Michael Ledwidge's The Narrowback introduces us to three Irish American men in New York City who have each endured hardship and privation, but who have also developed into very different people. Francis McCarry is the first of his family to go to college and is ruthlessly climbing the ladder at the FBI. Patrick Ryan is a carpenter, but also a Vietnam vet and a former sniper for the IRA during The Troubles in Belfast. And Tom Farrell is a small time criminal who has never had any kind of luck other than bad.
It is Farrell who sets things in motion, leading a crew on a heist of a luxury hotel in Manhattan. Everything goes according to plan until a man named Durkin - a hasty addition to the team - tries to murder the rest after the robbery. Farrell kills him, however, and the men are off to fence a haul of uncut diamonds to the Albanian mob before splitting up. Things don't go well, however, when the Albanians try to rip off Tom and his partners. Farrell bloodies the family godfather, and escapes with both cash and the diamonds.
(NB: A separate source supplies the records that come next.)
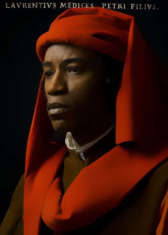 La mostra propone immagini e video di persone con visti regolari o carte di soggiorno, con permessi di lavoro, famiglia e che pagano le tasse allo Stato. Sono artisti americani, stilisti giapponesi, astrofisici cileni, cantanti di blues filippini, mediatori culturali yemeniti, soprani dell’opera cinesi, “Rhodes Scholars” colombiani ma anche semplici operai. Agli Uffizi, a Palazzo Pitti, e in altri musei fiorentini c’è un patrimonio di capolavori. Spesso si tratta di ritratti di personaggi della tradizione rinascimentale fiorentina. Grazie all’obiettivo di Mark Abouzeid, agli abiti cuciti da Diana Ferri e al make up di Paolo Manciocchi, questi ritratti diventano contemporanei: invariata l’iconografia classica, vengono reinterpretati da immigrati che a Firenze vivono, lavorano, e producono cultura. Così Lorenzo De' Medici diventa il rapper nero Dre Love, che viene dalla moda e ha lavorato con molti grandi della musica italiana, da Irene Grandi agli Almamegretta. Savonarola avrà il volto di Mihaly Gera Bela, ebreo ungherese che parla quattro lingue e a Firenze gestisce il ristorante Borgo Antico. Pietro Aretino ritratto da Tiziano avrà la faccia di Antonio Roldan Villafan, ex calciatore messicano e couchsurfer che in tre mesi ha ospitato a Firenze oltre cento stranieri. Lo stesso Mark Abouzeid diventerà Amerigo Vespucci, mentre due gemelle russe che arrivano dalla scuola internazionale interpreteranno il Ritratto di donna del Pollaiolo. E poi un dj italo giapponese, un tenore argentino, un ballerino albanese, un imprenditore cinese, uno sportivo senegalese e altri stranieri che a Firenze vivono e portano cultura, interpreteranno Vasari, Pico della Mirandola, Isabella dei Medici, Andrea del Sarto, Baccio Bandinelli, Caterina dei Medici.
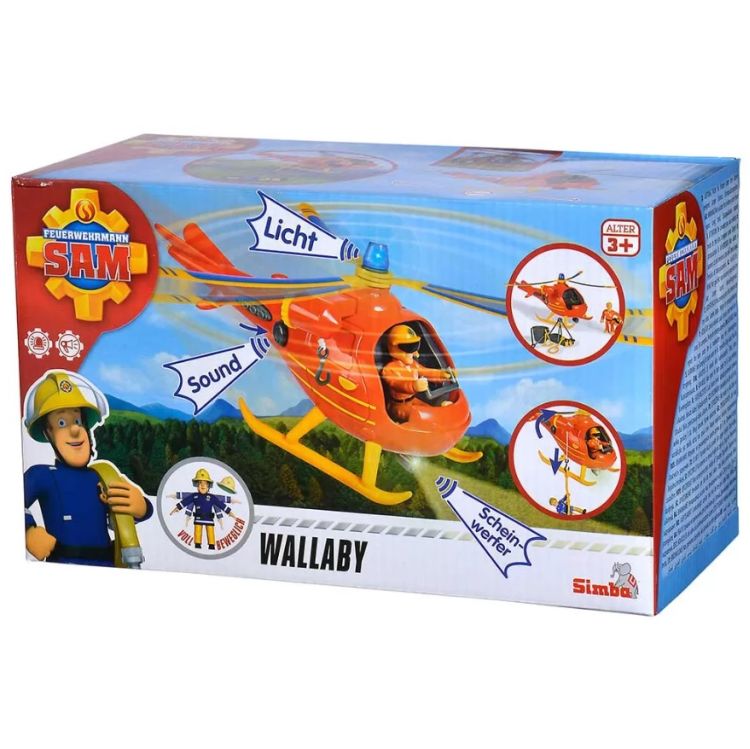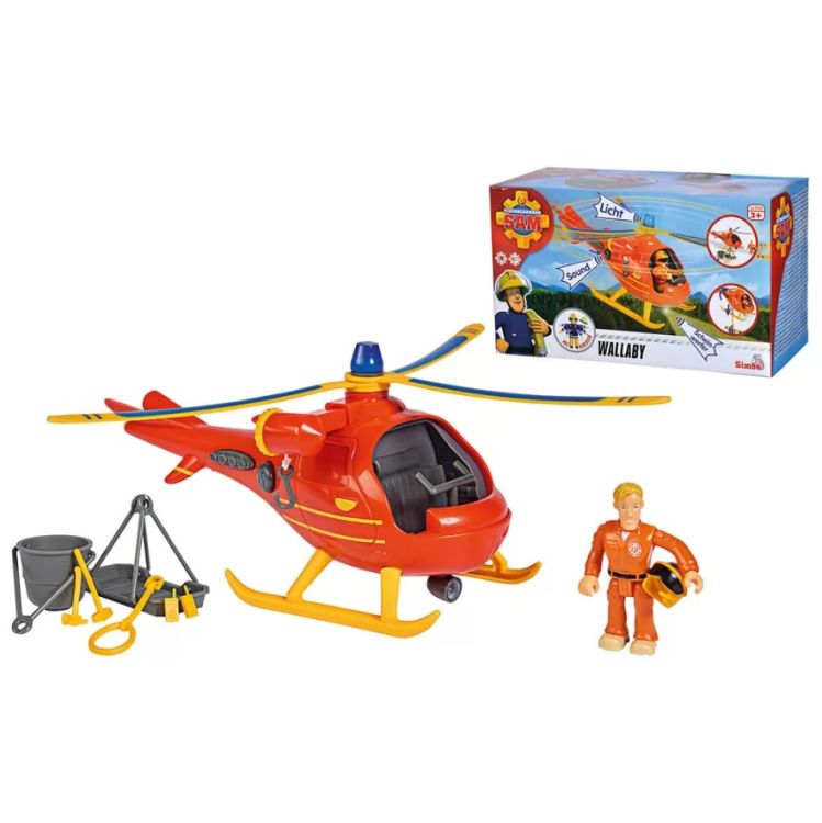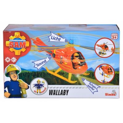 Wallaby elicopterul de interventie al pompierului Sam. Jucaria este dotata cu efecte luminoase si sonore. Sunt incluse si accesorii precum targa si figurina.Specificatii
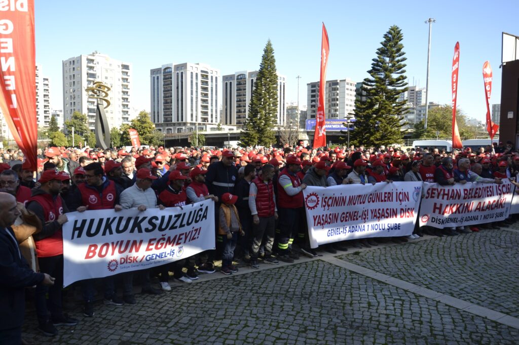 Seyhan Belediyesi, Genel-İş Sendikası ile imzaladığı Toplu İş Sözleşmesi’ni (TİS) hedef alan bir dava açarak, işçilerin kazandığı hakları geriletmek için harekete geçti.1 Ocak 2024’de başlayarak, 31 Aralık 2025’e dek süren TİS’e göre 1 Ocak 2025 tarihi itibariyle TÜFE değişim oranı + 10 puan refah payı oranında, ücret zammı yapılacak. Belediye 2025 zammına karşı dava açtı. DİSK Genel-İş Adana 1 Nolu Şube ve DİSK Bölge Temsilciliği, Seyhan Belediyesi’nin bu girişimine karşı belediye binası önünde bir basın açıklaması düzenledi. Yüzlerce işçi, belediye yönetiminin tehditlerine rağmen katıldı ve “İşçiler hakkını alacak”, “İnsanca yaşamak istiyoruz”, “İş, ekmek, özgürlük” sloganlarıyla tepkilerini dile getirdi.
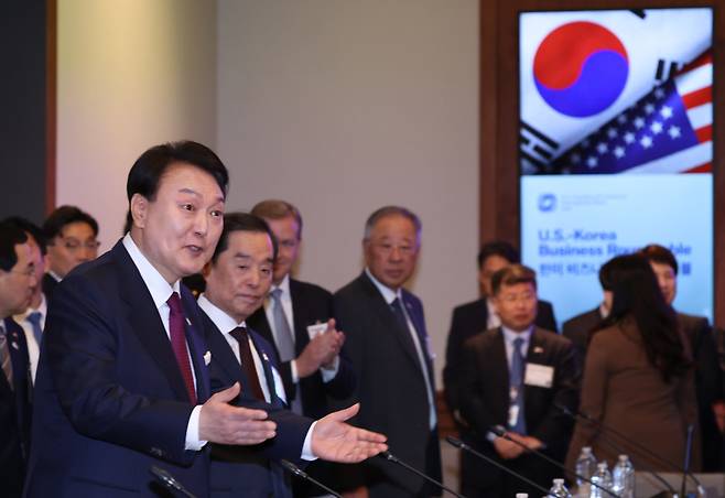 | ▲ 2023년 4월 25일(현지시간) 미국을 국빈 방문한 윤석열 대통령이 워싱턴DC 미국 상공회의소에서 열린 한미 비즈니스 라운드테이블에서 참석자들에게 착석을 권하고 있다. |
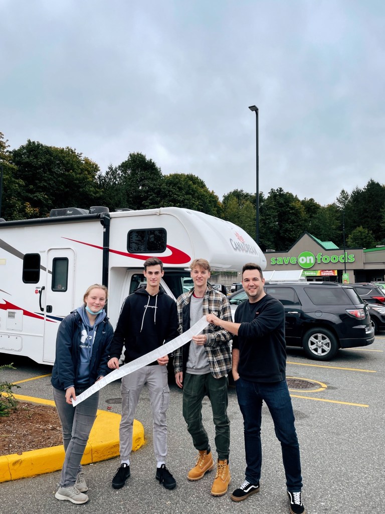 Heute Vormittag lief alles wie am Schnürchen: Aufstehen, Koffer packen, Frühstücken, Auschecken und dann mit Skytrain und Taxi zum Wohnmobilverleih, wo wir schon erwartet wurden. Da noch nicht beide RVs (Motorhomes) fertig waren, haben wir uns aufgeteilt und die Vorhut ist schon mal in Abbotsford einkaufen gefahren, was für eine Gruppe natürlich vier volle Einkaufswagen und 20 Minuten an der Kasse bedeutet.

This victory is short-lived - the Albanians are soon hot on Farrell's trail, and worse, so is the IRA, for Durkin turns out to have been an operative "fundraising" for the Irish movement, and his disappearance has been noted. Now, McCarry and the FBI are circling the Irish American underground, Patrick Ryan has been called in to avenge Durkin's death, and Farrell is circling the drain in a haze of alcohol, drugs, and rage, torn between running for his life and taking revenge for friends killed as the body counts climbs.
Ledwidge writes compellingly, with sharp, incisive dialog and a fast-moving, violent plot. The characters are well-drawn, and each of the main figures is three-dimensional, and even darkly sympathetic. Morality is flexible for these men, but at the end, they all have a code to which they adhere, and The Narrowback is top-flight modern noir.